Friday, October 28, 2016

October Thought Day 29: Living in a Pumpkin Paradise

There is a quote that says, “I would rather sit on a pumpkin and have it all to myself than be crowded on a velvet cushion.” I don’t know that it would necessarily have to be a pumpkin, but this time of year, I would happily take a pumpkin throne. I am reasonably certain I would also have a pumpkin crown and pumpkin scepter to go with it. If the pumpkin were big enough, and some of them are, I’ll bet I could find someone to carve me an actual throne out of a pumpkin. Oh, now I’m getting ideas….

I meant to go to the pumpkin patch this year; and not to find a pumpkin throne either. I dreamed of all the oddly shaped wonders I could find. I poured over carving templates and crafty ideas. I tried to decide which color I would get and what size. It was a pumpkin delirium that I didn’t want to come out of.

In my pumpkin buying frenzy of a few years past I think I bought 31 pumpkins….ok, it may have been closer to 40. This year I didn’t make it to the patch at all, but I have some pretty wonderful friends who supplied me with plenty of gourdy goodness in all forms. Yesterday I got to carve them. Ok, I had help and it was only one, but it was very satisfying. I bucked tradition and didn’t do my normal face; instead I carved a ghost that looked frightened. On the template I chose the ghost looked adorably alarmed. On my pumpkin representation, he looks scared to death and has jazz hands. Ah well, you can’t win em all. I named him Mortimer.
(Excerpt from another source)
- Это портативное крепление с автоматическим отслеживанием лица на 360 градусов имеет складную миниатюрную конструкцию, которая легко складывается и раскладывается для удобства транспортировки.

While I was carving I was thinking about my pumpkin throne and all the different ways we use pumpkins this time of year. Naturally my curiosity got the better of me and I turned to the internet to assuage it. For instance, did you know that this month a champion weight pumpkin at a fair in California tipped the scale at 1,910 pounds (which is more than the weight of a U-Haul)? It had to be brought in on a flatbed truck and moved to the scales with a special hydraulic system. Such a behemoth could be used to make over 600 pumpkin pies, but that’s not even the biggest pumpkin on record. The world record holding pumpkin weighs in at 2,623 pounds. What on earth are they feeding these things, small animals? I am content with the ones that are the size of a standard classroom globe. I have no idea what I’d do with a giant pumpkin other than carve a throne or make a small play house. I went back to the California pumpkin contest and looked at some of their statistics and had a good chuckle, because the first award winning pumpkin won at a whopping 132 pounds. I think pumpkins have gone on steroids since then.
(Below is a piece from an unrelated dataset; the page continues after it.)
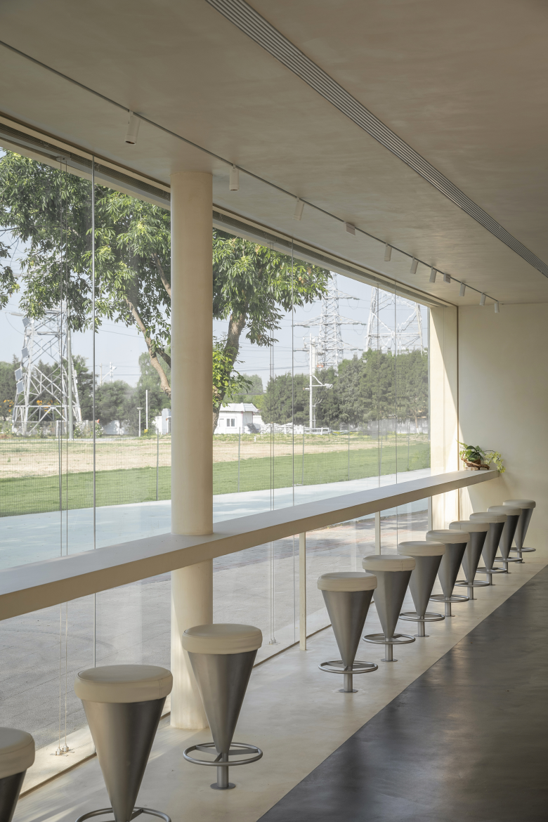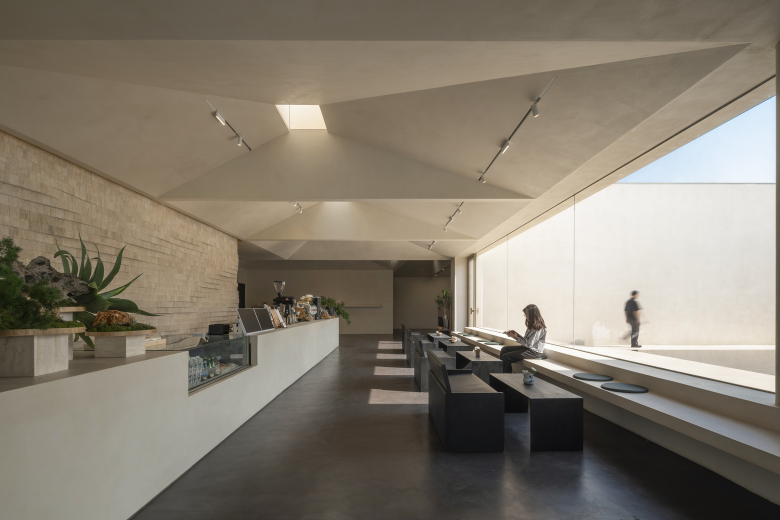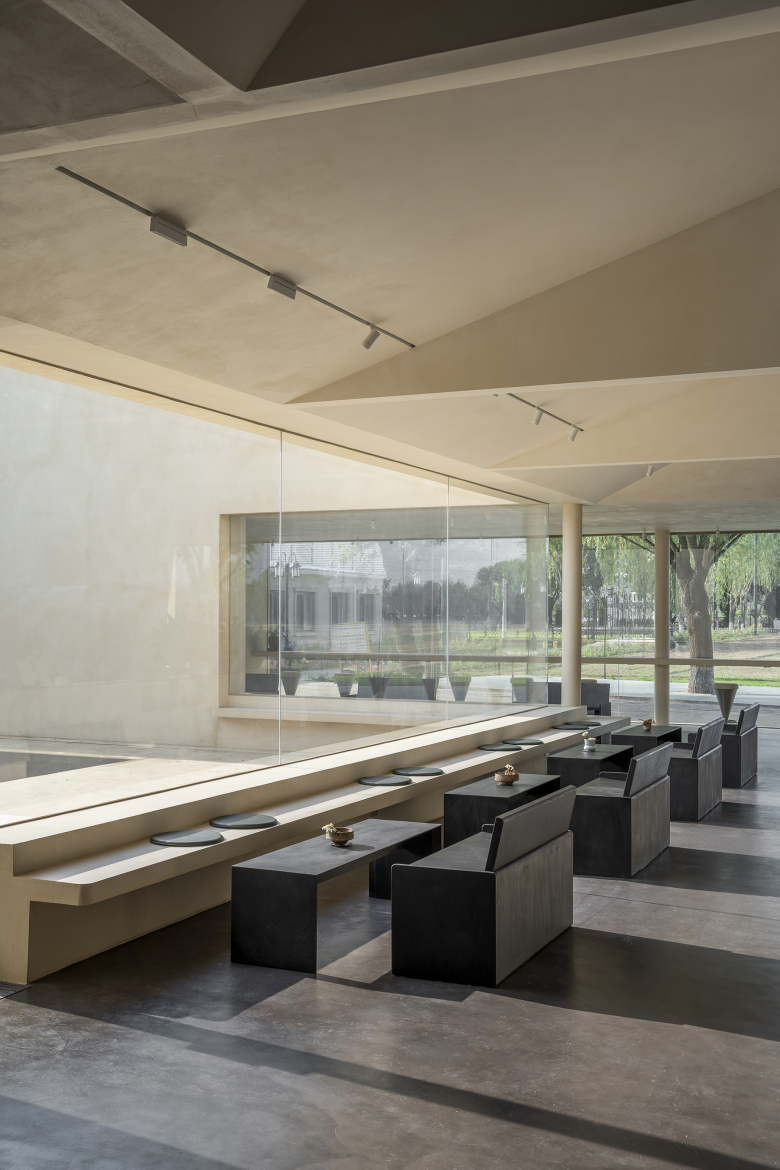The cafe, a key part of the project, was designed with meticulous details. The design team introduced horizontal frames to maximize the cafe's openness to both the park and the internal courtyard, creating an engaging dynamic between "seeing and being seen." The frames extend into the interior, forming a bar counter and booth seating. This design blurs the boundaries between furniture and architecture, promoting a smooth, natural flow within the space. Visitors can enjoy food while taking in the beautiful outdoor views, enhancing their overall sense of pleasure and relaxation.

Weighing isn’t the only world record pumpkin related activity around. There are places like Keene, New Hampshire that have set a world record in most carved pumpkins lit outdoors and displayed. There were 30,581 pumpkins used to set that record and I can’t even begin to imagine what that would look like. The good people of Keene have set up a thirty-four foot scaffold to display a majority of the pumpkins, but even it can’t hold them all.
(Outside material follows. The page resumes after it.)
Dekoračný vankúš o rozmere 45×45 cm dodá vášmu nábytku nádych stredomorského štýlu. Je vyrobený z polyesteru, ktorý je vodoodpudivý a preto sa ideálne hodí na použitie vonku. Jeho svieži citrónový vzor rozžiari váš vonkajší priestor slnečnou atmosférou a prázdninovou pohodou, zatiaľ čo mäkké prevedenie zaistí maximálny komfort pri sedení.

But simply carving in bulk is old news and now there is a new trend in pumpkin mania, pop up pumpkin displays called Rise of the Jack O’ Lanterns. The displays will be made up of more than 5,000 hand carved pumpkins and they will all be lumped together to create one tableau. Think of a dinosaur or a car being made entirely out of pumpkins. Each display will take 10-15 hours to carve and in addition to the large displays there will be smaller works of pumpkin art. When I carve a pumpkin it looks like a third grader did it. These people who basically make sculptures out of pumpkins amaze me. They can do portraits and scenes from paintings; it blows my mind, the creativity of people.

Like my friend who made me a pumpkin diorama. She hollowed out a fake pumpkin and then created a haunted house tableau on the inside. There are bats and toadstools, moss, a mansion, skeletons and more. She even lit it and decorated the outside of the pumpkin. Stuff like that energizes me. What talent and creativity. My other friend painted me a pumpkin man on a rock. It isn’t a big rock but the detail is fantastic. I have it propped up in my room to enjoy and like my fake pumpkin; I will have this rock till the end of days. Both shall be cherished parts of my décor.

With all this pumpkin creativity around, my challenge to you is this, get out of your pumpkin rut and do something different. Carve something new, visit a pumpkin patch for the first time, find a pumpkin celebration or make your own. Maybe even wrap yourself up in a blanket and watch your very own pumpkin glowing by the light of the moon and take a mental picture of it. In short, enjoy the wonderful fall gourd in a way you never have before.